What you experienced will happen with either seasoned or unseasoned wood. It's the nature of the beast. Incomplete combustion when the boiler idles will cause creosote. If you had stage 3 glaze, a single hot fire will cause the stuff to expand and block the chimney. The colder weather is better, it works the boiler and things should remain cleaner. I don't have an OWB, but would think that loading only with what's needed will help keep things cleaner. The more wood that's loaded when it idles, the dirtier it will burn.


----------



## heaterman (Feb 23, 2015)

I'm sure that it's making literally buckets of liquid creosote from what you describe. 
About all you can do at this point is keep the chimney clean and split the wood to about 4x4, 4x6 size to help with the combustion problems.


----------



## Jon_E (Feb 24, 2015)

heaterman said:


> I'm sure that it's making literally buckets of liquid creosote from what you describe.
> About all you can do at this point is keep the chimney clean and split the wood to about 4x4, 4x6 size to help with the combustion problems.

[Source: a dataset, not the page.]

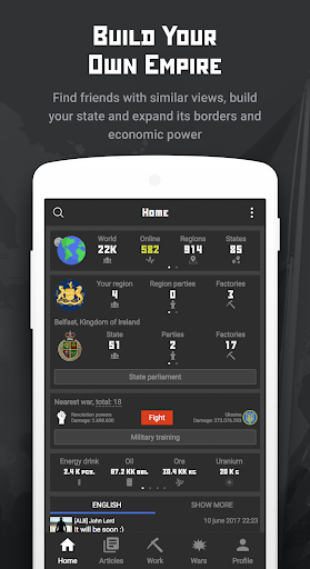 You will take part in air, land, sea and space wars, create your own newspapers and publish articles, use real world regions to form your own state and choose its form of government: dictatorship or presidential republic? It’s your choice!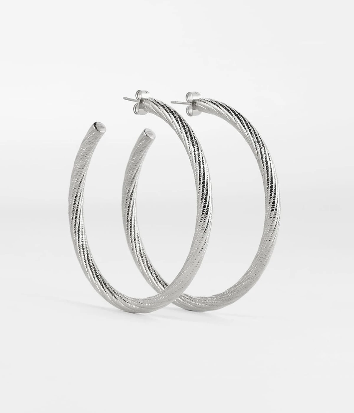 Grandes boucles d’oreilles créoles en acier uni ou doré à l’or fin.

Yeah, I'm tending to agree - although after cleaning that blockage out of the chimney I noticed that for the past couple days there has been no pooling of liquid creosote around my door, and there is a lot more gray/tan sooty material rather than black glossy flakes, accumulating in the firebox.   The burn times are also much better, even with -23 degrees last night.  I cut all my firewood to 20" and generally split small enough to grab the end with a gloved hand, so the wood definitely has a good chance at being dry if I would only give it the opportunity.


----------